Muita reflexão também não faz bem a ninguém. Ainda menos bem fará se for espicaçada por uma situação de confinamento. Uma gajo metido entre paredes contra vontade deveria evitar muita meditação sobre as questões habituais: "quem sou eu" (ou "o que sou eu"), "o que faço aqui" (pois, lá está, esta pergunta refere-se ao mundo, eventualmente ao universo, não à sala de estar ou ao quarto de banho) e, last but not least, "para onde vou" (vou para o quarto, vou para a cozinha)? Como facilmente se percebe estas questões, nos dias que ainda correm, estão todas armadilhadas, trazem coletes explosivos a envolvê-las e podem rebentar inadvertidamente.

Vivemos tempos propícios ao reforço da saúde dos macaquinhos que normalmente nos habitam o sótão. Da parte que me toca tenho evitado o espelho. Não é que seja pessoa assídua na contemplação da minha própria fachada, não é meu costume mirar a paisagem do corpo que habito, mas tenho tido um receio acrescido de olhar para os meus olhos. Dias há que os sinto mortiços, caídos para dentro e, verdade seja dita, prefiro poupar-me a semelhante espectáculo.

Estranhamente a leitura também não me tem puxado muita atenção. No início desta coisa pensei que iria ler e ler e ler, mas não. Tenho lido pouco.

Resumindo, a vida vai-se arrastando. A única coisa que me vai valendo, para lá da proximidade da família mais chegada (ah, como amo a minha família!) é o desenho e a pintura.  "Desenho e pintura?" dizes tu, "Isso são duas coisas!" Não são. Desenho e pintura, quando vêm juntos,são uma e a mesma coisa. E é essa coisa que me tem valido e ajudado a manter distraídos os macaquinhos e o sótão razoavelmente limpo.

sexta-feira, maio 22, 2020

Lição leonina

E é assim. Anuncia-se uma nova normalidade para os tempos futuros. Que faremos desta (futura) velha anormalidade? Iremos nós apagar o isolamento voluntário, transformá-lo em isolamento forçado ou iremos simplesmente aguardar que tudo se dissolva nas voltas do tempo? O tempo tem peso? O tempo ocupa espaço?

Já se nota o desafogo. As pessoas andam com fome de rua, estão capazes de comer pedras da calçada. Já começamos a cagar para o confinamento, o confinamento que se foda! Ansiosos por fazer do presente um qualquer passado longínquo fingimos nunca termos acreditado na nossa própria morte às mãos do novo coronavírus (até porque mãos são coisa que ele não tem).

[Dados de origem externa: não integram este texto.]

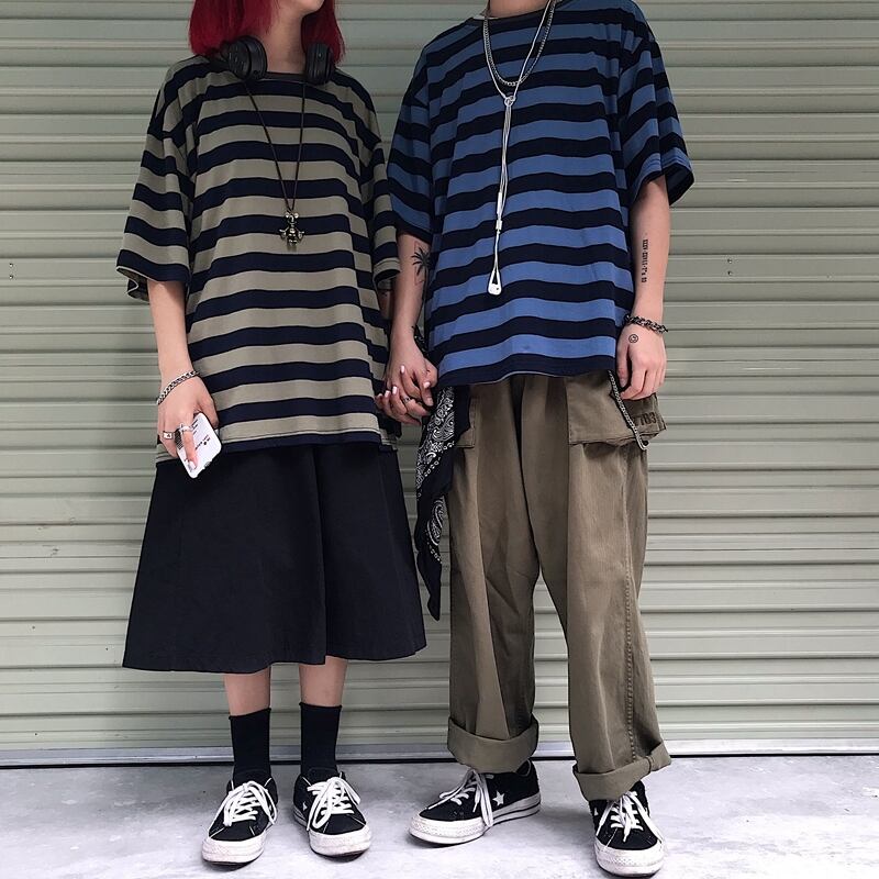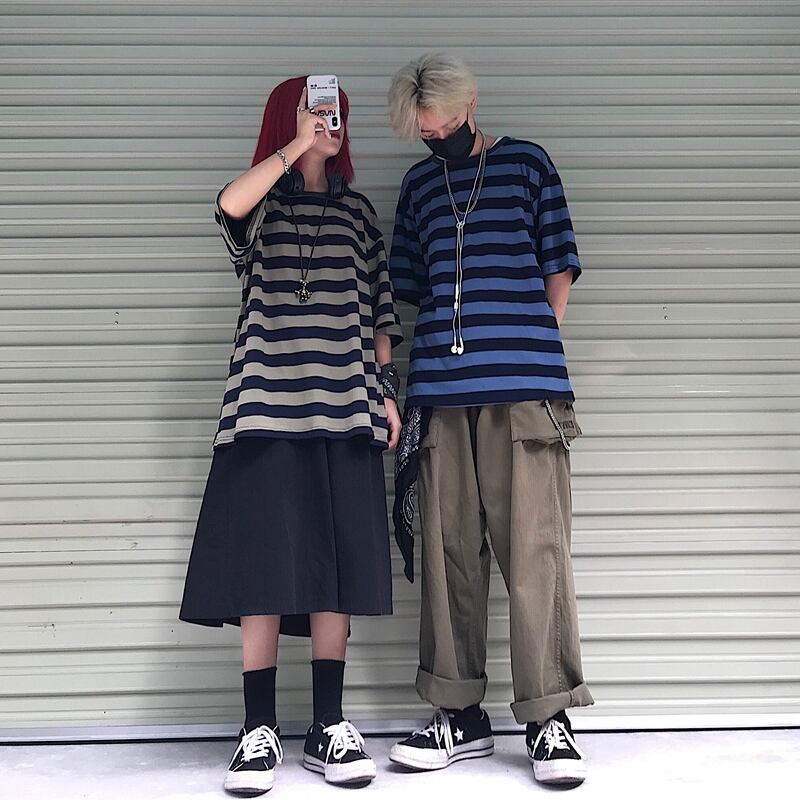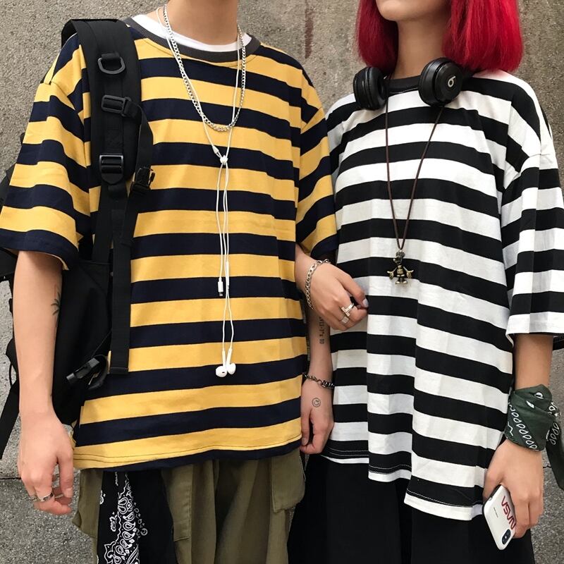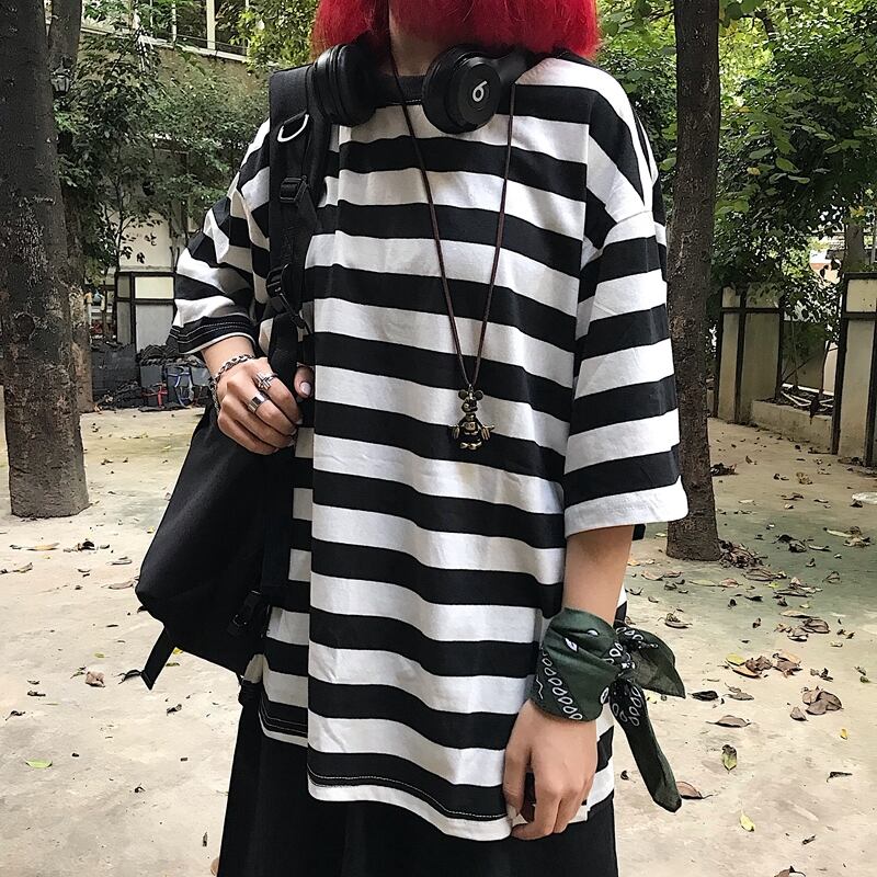 夏服韓国ファッショントレンドスタイルスタンダードカラーストライプカジュアルラウンドネックルーズTシャツレディース レトロ 原宿 夏物 Oネック Studios85026875888 | pLegLad Studios
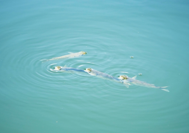 産卵で弱ったシーバスが流れているバチを荒食いするといった状況になるため、水面の変化(ボイル)が確認できシーバスの居場所が確認しやすい。
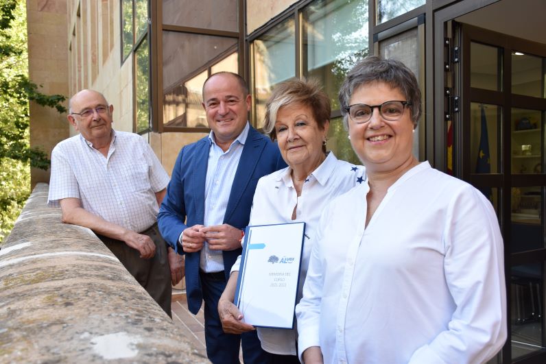 Esta reflexión fue traslada por el alcalde a la junta directiva saliente de ALUEX, encabezada por Carmen Rosa Martínez Orellana, que acompañada de Estela Molina y Francisco Díaz Gómez, hicieron llegar a Emilio Sáez la memoria de actividades del curso 2021-2022 y le comunicaron su deseo de entregar el testigo a nuevas personas que deseen tomar las riendas de esta asociación.
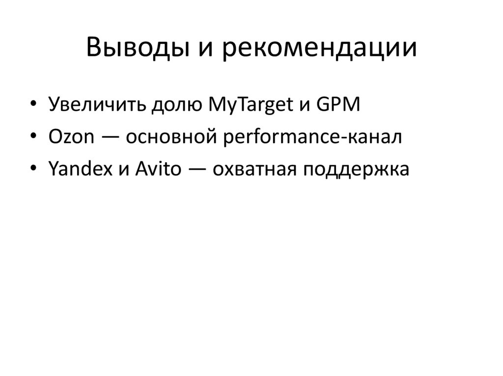 Выводы и рекомендации• Увеличить долю MyTarget и GPM
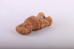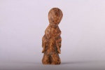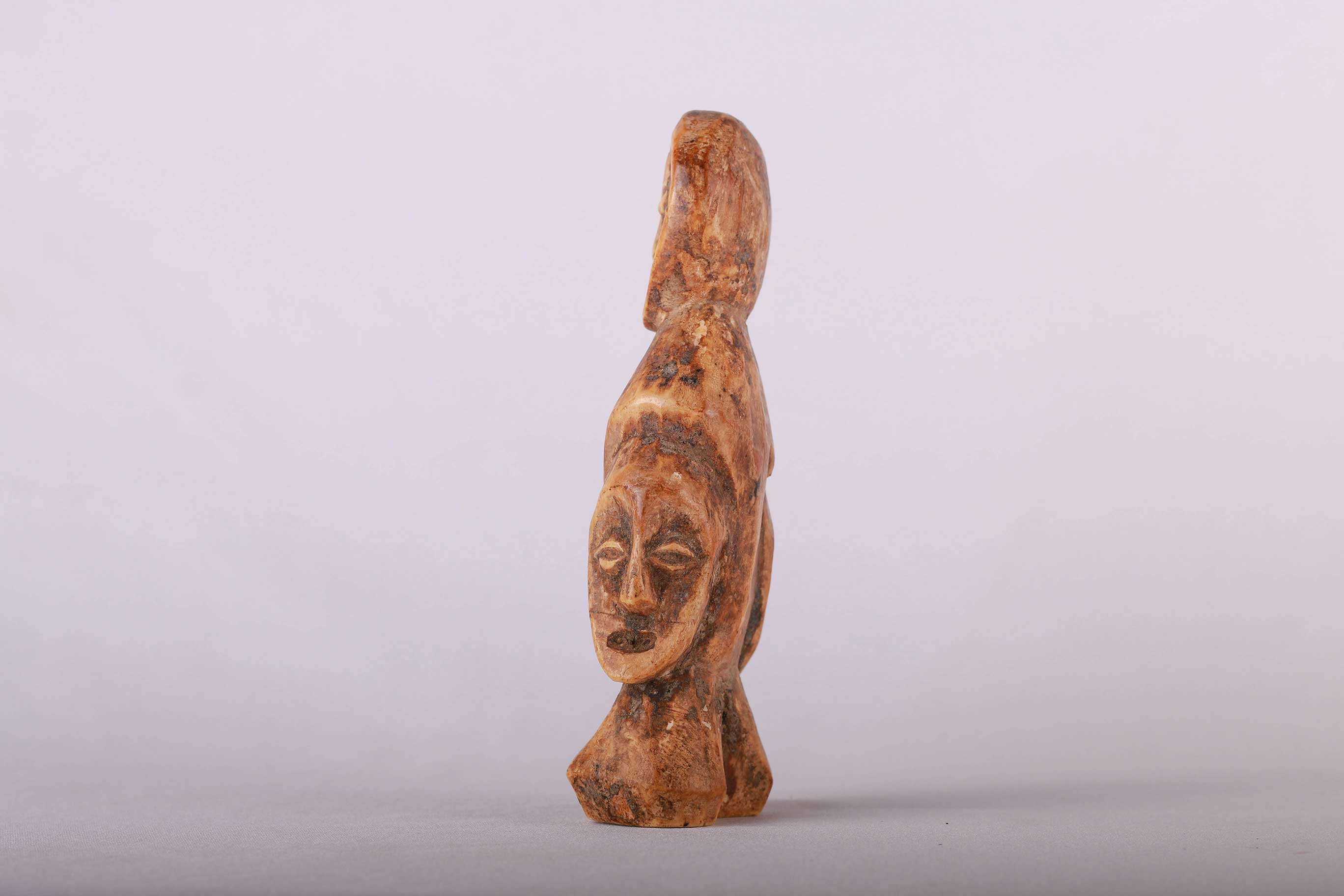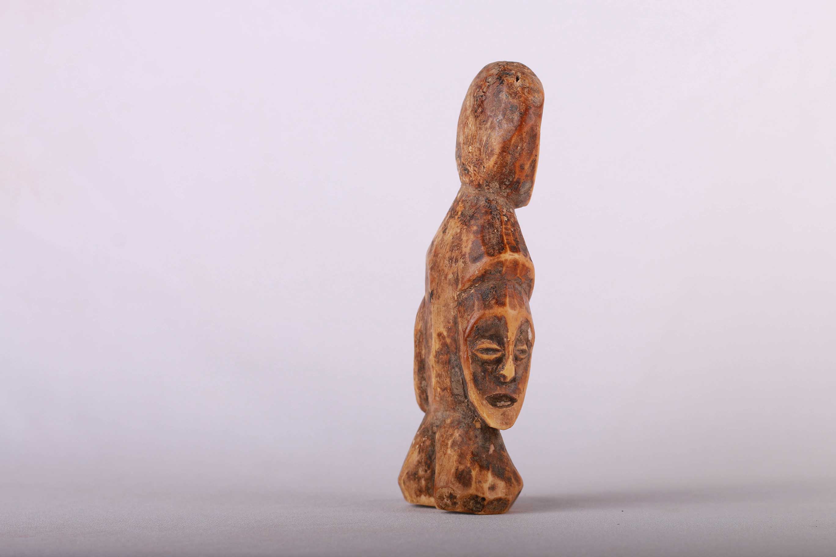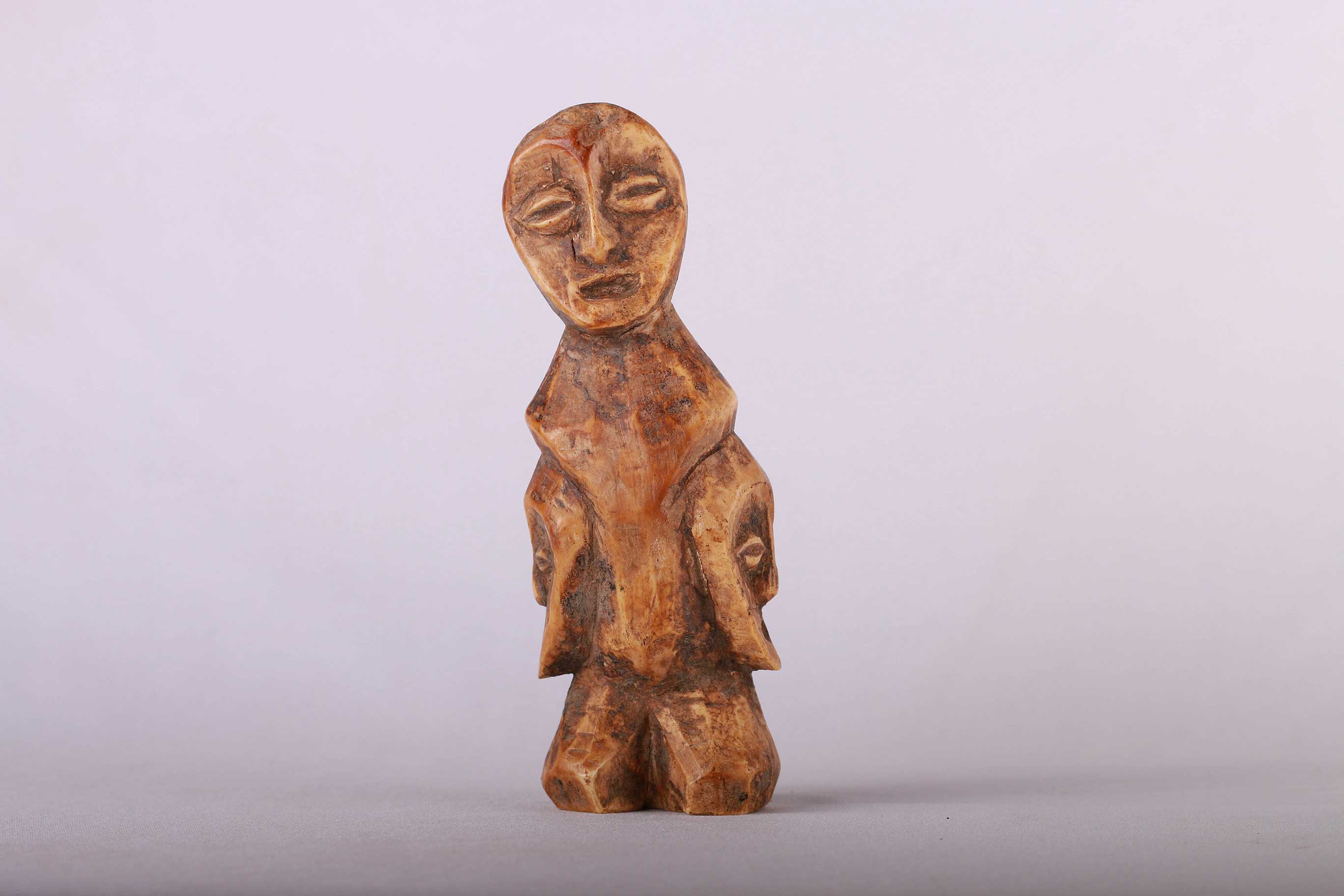 Some Lega figurative sculptures use flatness to illustrate the feminine posture of moral and social goodness. Lega figures are individually owned by the highest-ranking society members, are the most coveted of all initiation objects. Some anthropomorphic figures are called kalimbangoma. Each member of a sublevel of the highest Bwami rank owns an ivory human kalimbangoma figure as a sign of his status. The following statue has a light brown patina and is visibly old.
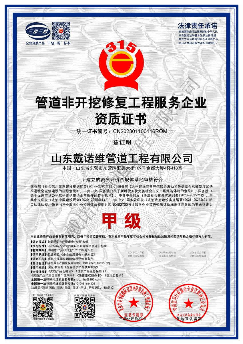 管道非開挖修復工程服務企業資質證書
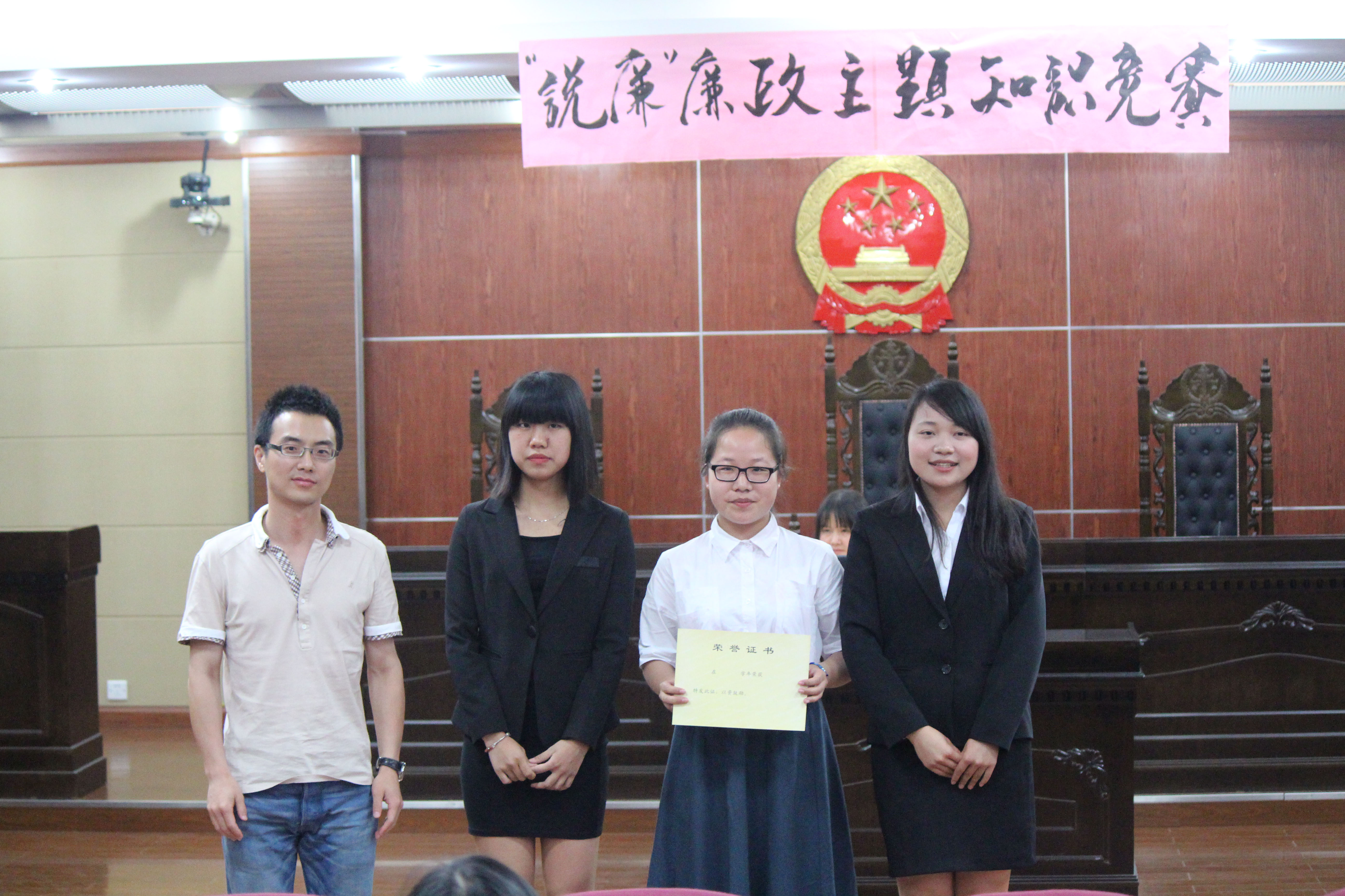 6月2日14:00,由我系党员自我管理委员会信息部和宣传部共同承办的“说廉”廉政知识竞赛在镜湖校区人文楼207模拟法庭拉开了帷幕。绍兴文理学院元培学院党办院办副主任金超老师、人文科学系党支部书记潘成刚老师、系辅导员许婷婷老师担任了本次比赛的评委。
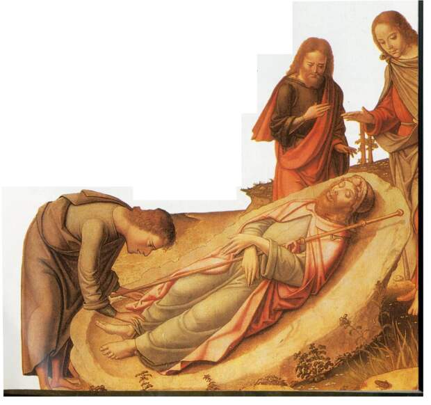 . Однако обратим внимание, что мы видим отнюдь не старые высохшие мощи, а тело только что умершего человека. Поэтому, скорее всего, Иаков скончался не ранее IX века, может быть, в XII-XIII веках. Дело в том, что самое старое живописное изображение этого события датируется якобы XII веком [1322], с.7. Так что никакой "тысячи лет забвения", скорее всего, не было. Согласно новой хронологии, Иисус Христос жил в XII веке. Следовательно, его апостолы жили в XII-XIII веках. Поэтому появление гробницы Иакова не ранее IX века не противоречит новой хронологии. С подобной ситуацией мы столкнулись и в истории захоронения Святого Матфея (см. книгу "Западный миф") и Святого Марка (см. "Античность - это средневековье", гл.1:6.6). Их тоже обнаружили в эпоху XII-XIII веков. На рис.5.20
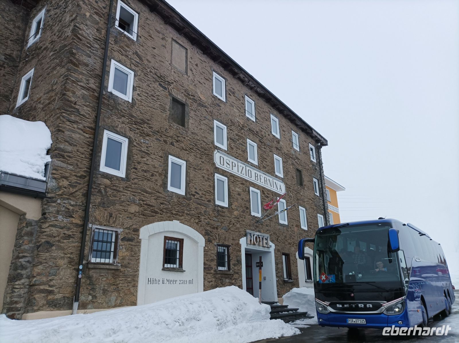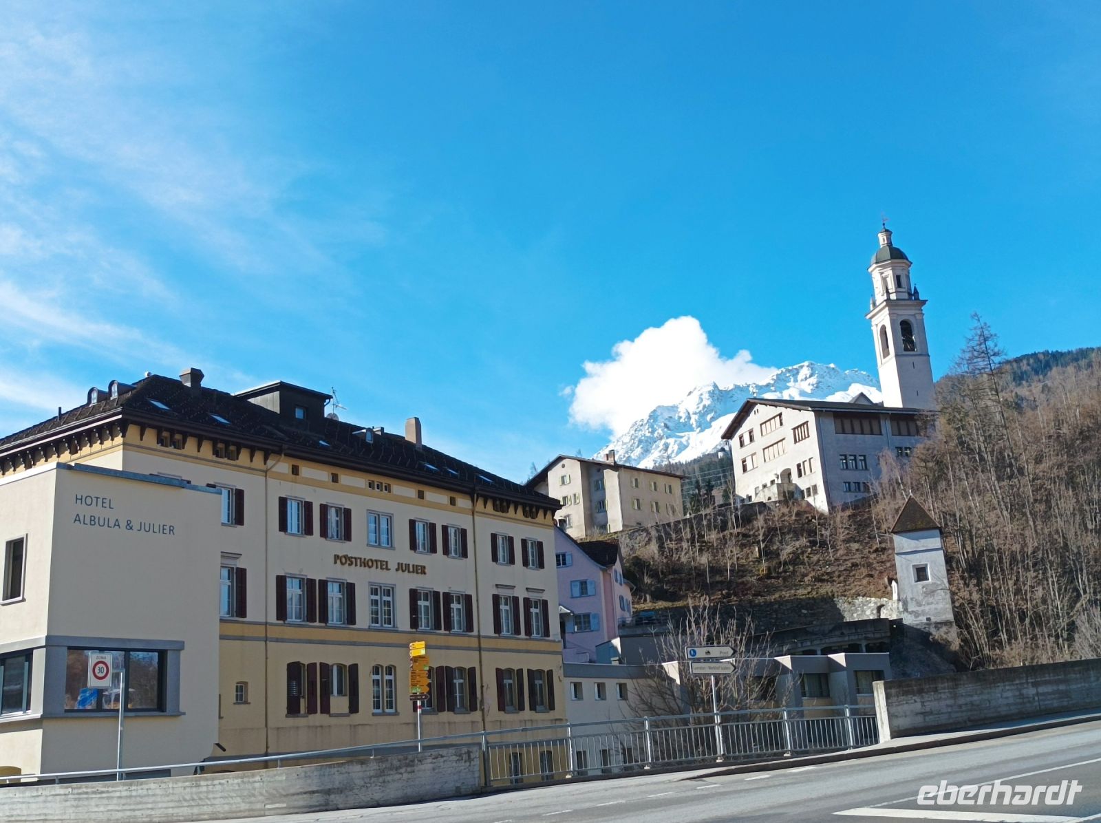 Nach dem Frühstück spazieren wir zum Bahnhof Tiefencastel und warten auf den Bernina-Express. Nach einer Verspätung und einem „hin und her“ erreichen wir unsere reservierten Plätze. Die Fahrt kann beginnen. Beeindruckend ist die Albula Strecke, bevor wir nach Pontresina kommen. Weiter geht die beeindruckende Bahnfahrt hinauf zum Berninamassiv. Beim Lago Bianco haben wir noch einmal einen schöne Blick in die Berge und fahren dann ca. 2.200 Meter hinab ins Puschlav und über den berühmten Kreisviadukt von Brusio. In Tirano endet die Bahnfahrt und Andreas wartet schon auf uns. Zurück fahren wir mit dem Bus und erleben den Winter in den Bergen sehr deutlich. Auf dem Berninapass (2.328 m) haben wir die Möglichkeit kurz zu halten und am Morteratsch-Gletscher nutzen wir die Chance für ein Foto. So langsam endet unsere Passfahrt und wir fahren nach St. Moritz. Am Bahnhof von St. Moritz beginnen wir mit einem Spaziergang. Unser Weg führt uns durch das 2004 fertiggestellte Parkhaus Serletta. Als Erstes blicken wir auf den See, der nur teilweise zugefroren ist, er lässt erahnen, dass das berühmte Pferderennen „White turf“ auf dem See vorbei ist. Im „Dorf“ angekommen, stehen wir vor dem Badrutt’s Palace Hotel. Vorbei an den Boutiquen erreicht man noch einen Rest des eigentlichen Dorfes und der schiefe Turm, Wahrzeichen des Ortes, ist Rest der 1980 abgebrochenen Mauritius Kirche. Ein jeder nutzt die Zeit für sich, bevor wir wieder mit dem Bus nach St. Moritz Bad und weiter zum Julierpass(2284 m)fahren. Nach dem Pass fahren wir durch das Oberhalbstein(rätoromanisch Surses), das 23 km lange Tal des Flusses Julia, um wieder nach Tiefencastel zu kommen. Ein leckeres Abendessen im Hotel rundet den schönen Tag ab.

E é assim, começamos a sentir aquela coragem que nos nasce no peito quando o medo passa e ganhamos uma certa sobranceria, quando o perigo passou somos todos uns valentes. Torço o nariz a tudo isto. Sinto-me como os porquinhos da história quando o lobo aparece vindo do nada depois de termos imaginado que regressara em definitivo à profundeza perdida da floresta (estou a inventar à pressão a história dos 3 porquinhos).

Bem vistas as coisas havemos todos de esticar o pernil, a nossa civilização baterá a bota, tal como outras bateram a sandália ou lá o que calçavam os que as ergueram das cinzas da civilização anterior. É o ciclo da vida. Aprende-se no Rei Leão.